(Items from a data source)
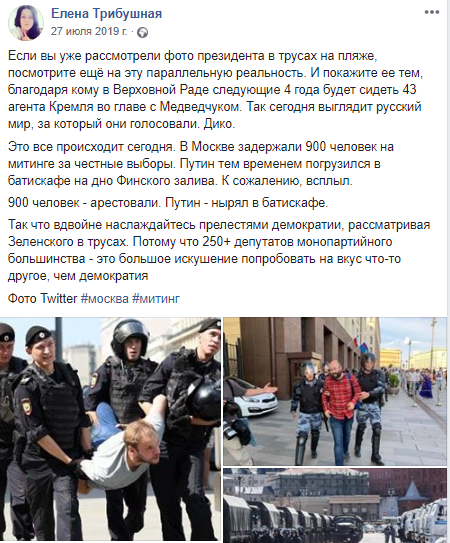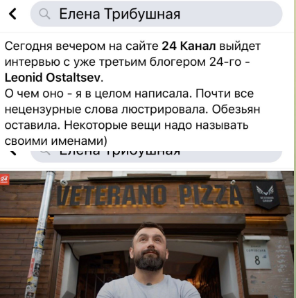 Например, об этом она написала в посте к интервью, которое она взяла у владельца Veterano Pizza и блогера 24 канала Леонида Остальцева. Говоря о результатах выборов тот заявил, что "обезьяны получили 13%" и Трибушная назвала это "называть вещи своими именами".
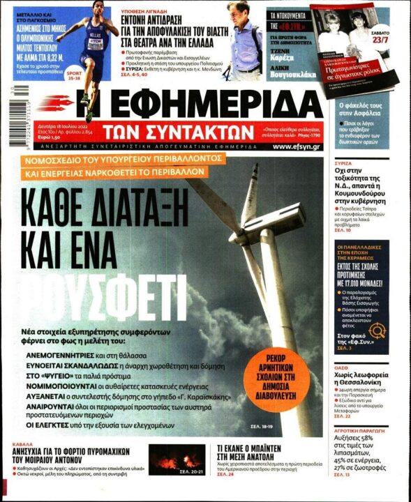 Τα πολιτικά πρωτοσέλιδα της ημέρας(18/07)
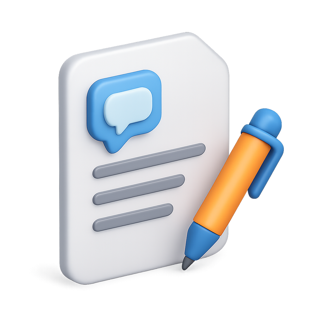 A 3D icon depicting a document with lines representing text and a speech bubble, alongside a stylized orange pen. The design features a modern isometric look with a transparent background.
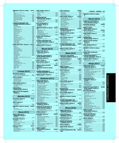 PRESIDENT'S OFFICE OF, Ministry 251375 HOME AFFAIRS, Ministry of HEALTH, Ministry of 230158 LUSAKA — MONGU 231
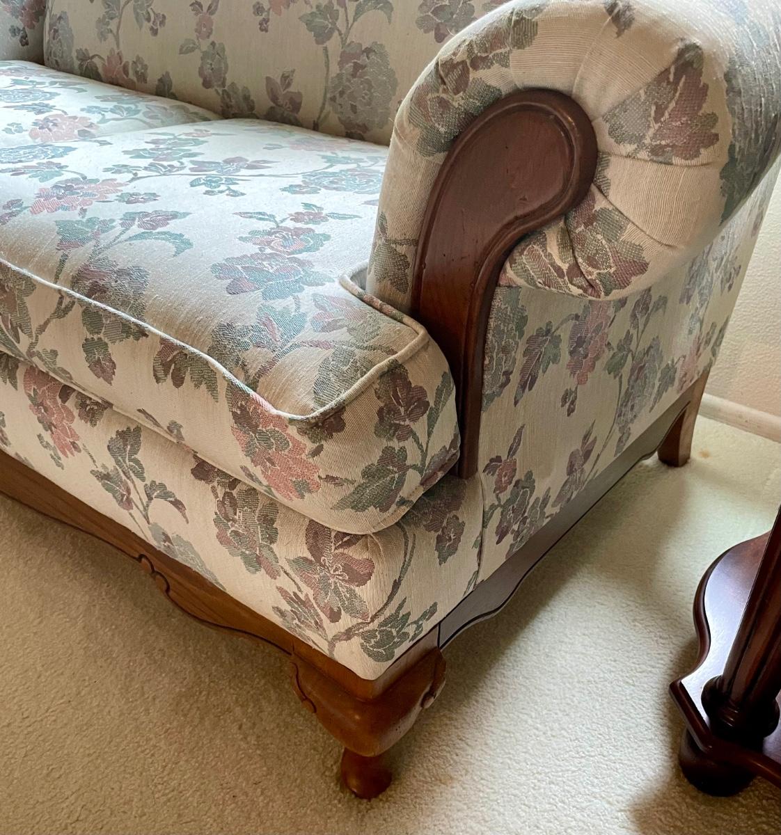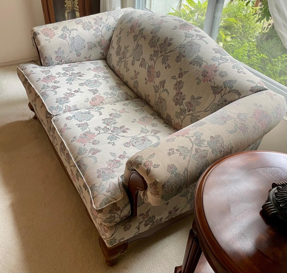 approx. 60” wide x 36” deep. Approx. 33” tall. Loveseat is in good condition, no holes, tears or stains. Another auction has the matching couch.

§ **Task item**
Line by line, print the records above exactly, skipping each picture.

§ **Result for this task**
 Например, об этом она написала в посте к интервью, которое она взяла у владельца Veterano Pizza и блогера 24 канала Леонида Остальцева. Говоря о результатах выборов тот заявил, что "обезьяны получили 13%" и Трибушная назвала это "называть вещи своими именами".
 Τα πολιτικά πρωτοσέλιδα της ημέρας(18/07)
 A 3D icon depicting a document with lines representing text and a speech bubble, alongside a stylized orange pen. The design features a modern isometric look with a transparent background.
 PRESIDENT'S OFFICE OF, Ministry 251375 HOME AFFAIRS, Ministry of HEALTH, Ministry of 230158 LUSAKA — MONGU 231
 approx. 60” wide x 36” deep. Approx. 33” tall. Loveseat is in good condition, no holes, tears or stains. Another auction has the matching couch.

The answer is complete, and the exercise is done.